In this study, we suggest using a dichotomous value (healthy vs. unhealthy) instead of the mean LSCS to classify cows based on their mammary gland health. We set the threshold of first lactation monthly SCC at <120,000 mL for each one of the measurements, which indicates a low probability of infection or inflammation in the udder. We consider the end point values to be important for a better evaluation of longevity and life throughput, as well as the variability among sires. Archer et al. [28] showed that high SCC early in the first lactation reduces longevity and increases culling risk, implying that cows need to survive beyond the first lactation to cover their rearing costs. Our results suggest that using a dichotomous first lactation monthly SCC of <120,000 mL in NM$ index instead of LSCS is advantageous. In most of the 79 sires tested, healthy cows had higher lifetime milk production and lactation number than non-healthy heifers in first lactation, but with different magnitudes. This indicates that heifers that maintain healthy udders throughout the whole first lactation are more likely to stay in the farm and have higher NM$. Our results also suggest that there is large variation among the 79 sires tested in ECM, implying that sire selection can be improved by considering long-term and lifetime production.

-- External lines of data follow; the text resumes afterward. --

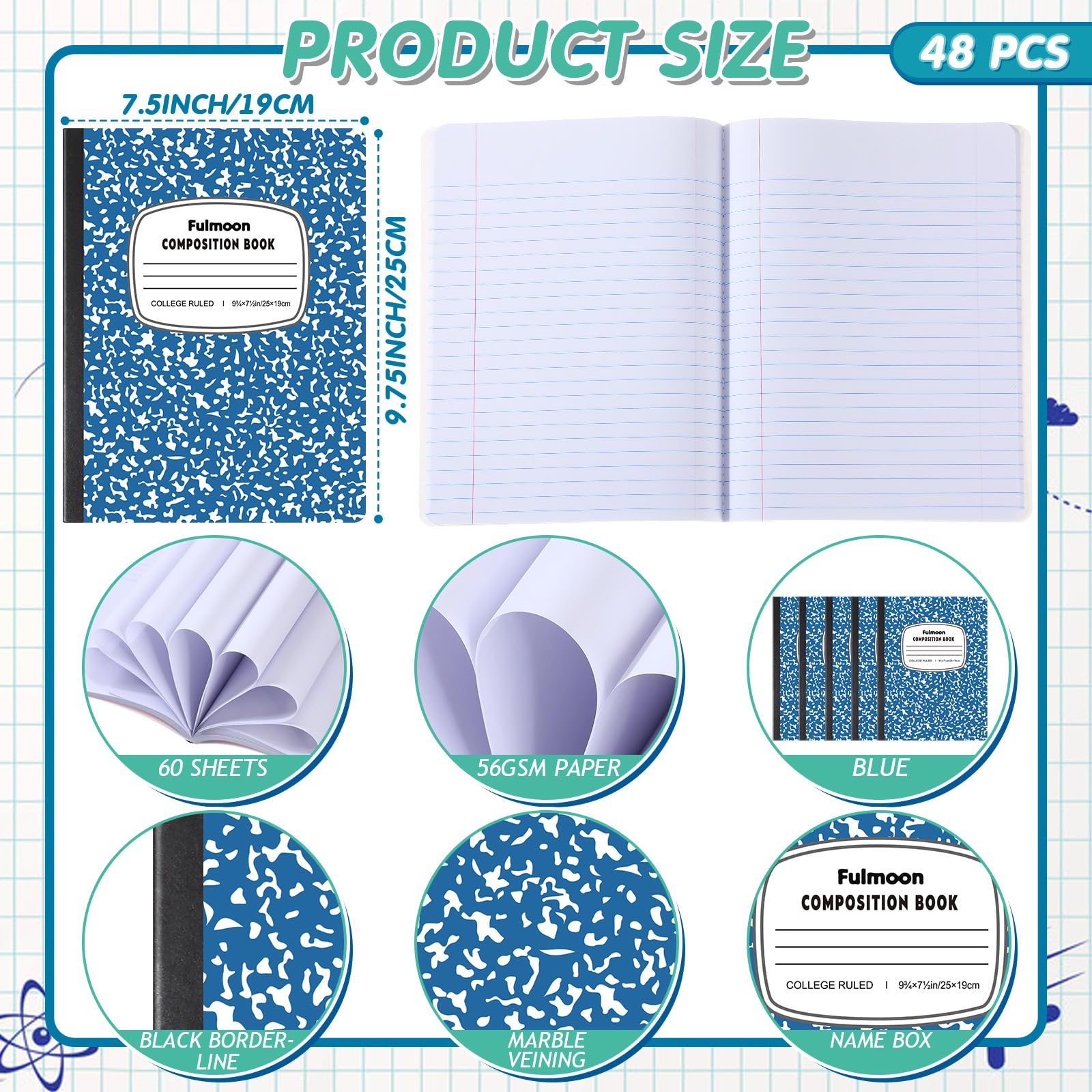 - Value Package: each package includes 48 blue college ruled composition notebooks; You’ll have a notebook for every subject, project, or any other writing need; This bulk set offers value for students, educators, and anyone who needs multiple notebooks at once
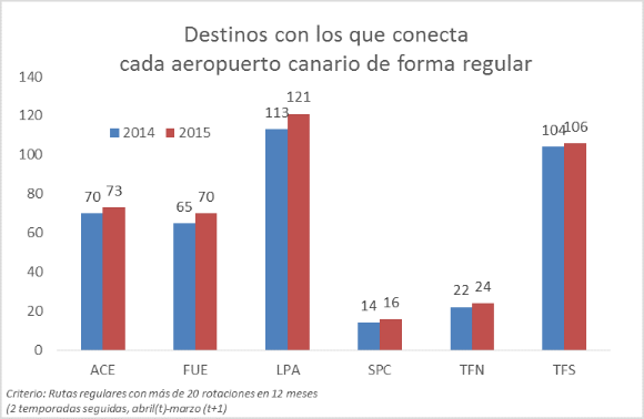 Según el análisis realizado para el último año turístico (desde abril de 2015 a marzo de 2016) por Promotur, las Islas Canarias siguen avanzando en lo que a conectividad regular se refiere ya que el número de orígenes con los que está conectado el archipiélago aumentó en 6 hasta situarse en 149, siendo Gran Canaria la isla que logró un mayor avance.
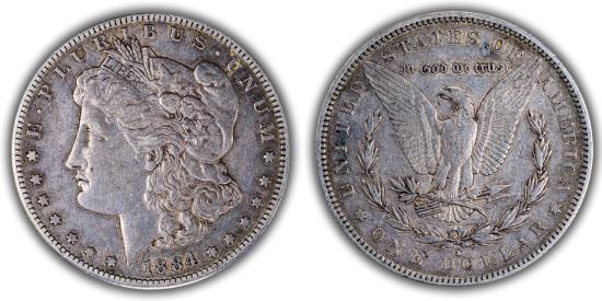 AR Dollar 38.1 mm, 26.59 g. U.S. Mint, San Francisco, CA, “Morgan” design by George T. Morgan Obv: E • PLURIBUS • UNUM, head of Liberty facing left, wearing a Phrygian cap & a headband inscribed LIBERTY, date & 13 stars below Rev: UNITED STATES OF AMERICA / * ONE DOLLAR *, bald eagle with wings displayed, holding 3 arrows and an olive branch in its claws. A small wreath surrounds the eagle. Above the eagle, the motto IN GOD WE TRUST EF-40 |
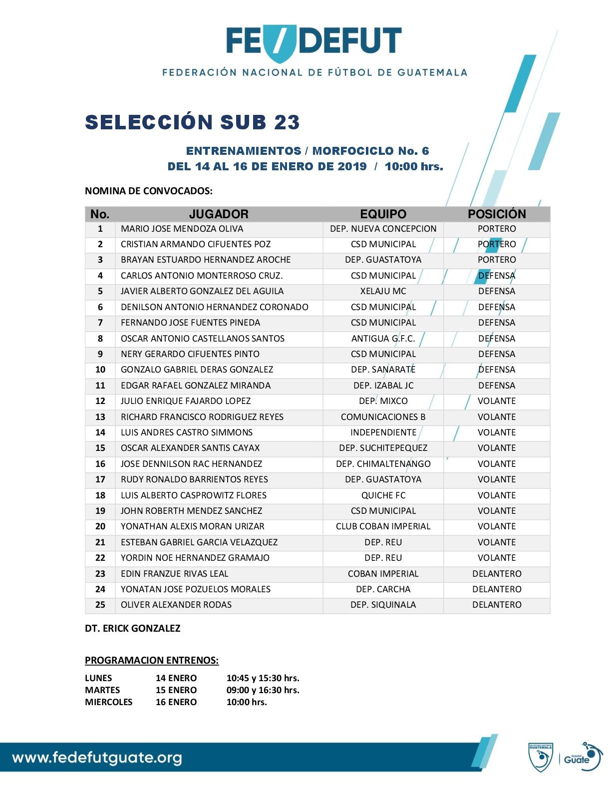 SELECCION SUB 23 / CONVOCATORIA MORFOCICLO NO. 6 / DEL 14 AL 16 DE ENERO 2019

Lack of correlation between lifetime milk production and % “udder healthy” is expected because of different genes involved in milk production, whereas mastitis events are negatively influenced by the individual genetics’ potential. However, by the examination of percentage of “udder healthy” and lifetime milk production of each sire, several superior sires were found. This suggests that decreased replacement, and increased lifetime and lactations can be achieved by selection for sires with a high number of “udder-healthy” heifers according to an SCC threshold of <120,000 cells/mL in each single monthly milk recording throughout the first lactation.

5. Conclusions

This study presents insights on life-time merit follow-up, concluding that the immunological genetics of the cow have a major effect on lifetime merit. Thus, current selection for protein and fat milk content might promote incidence of cows that at first present superior content but later collapse, without even covering their costs. Therefore, for better selection, we suggest taking udder health into account using a dichotomous trait that is based on an SCC threshold of less than 120,000 cells/mL during all first lactation measurements, which indicates a low probability of infection or inflammation in the udder.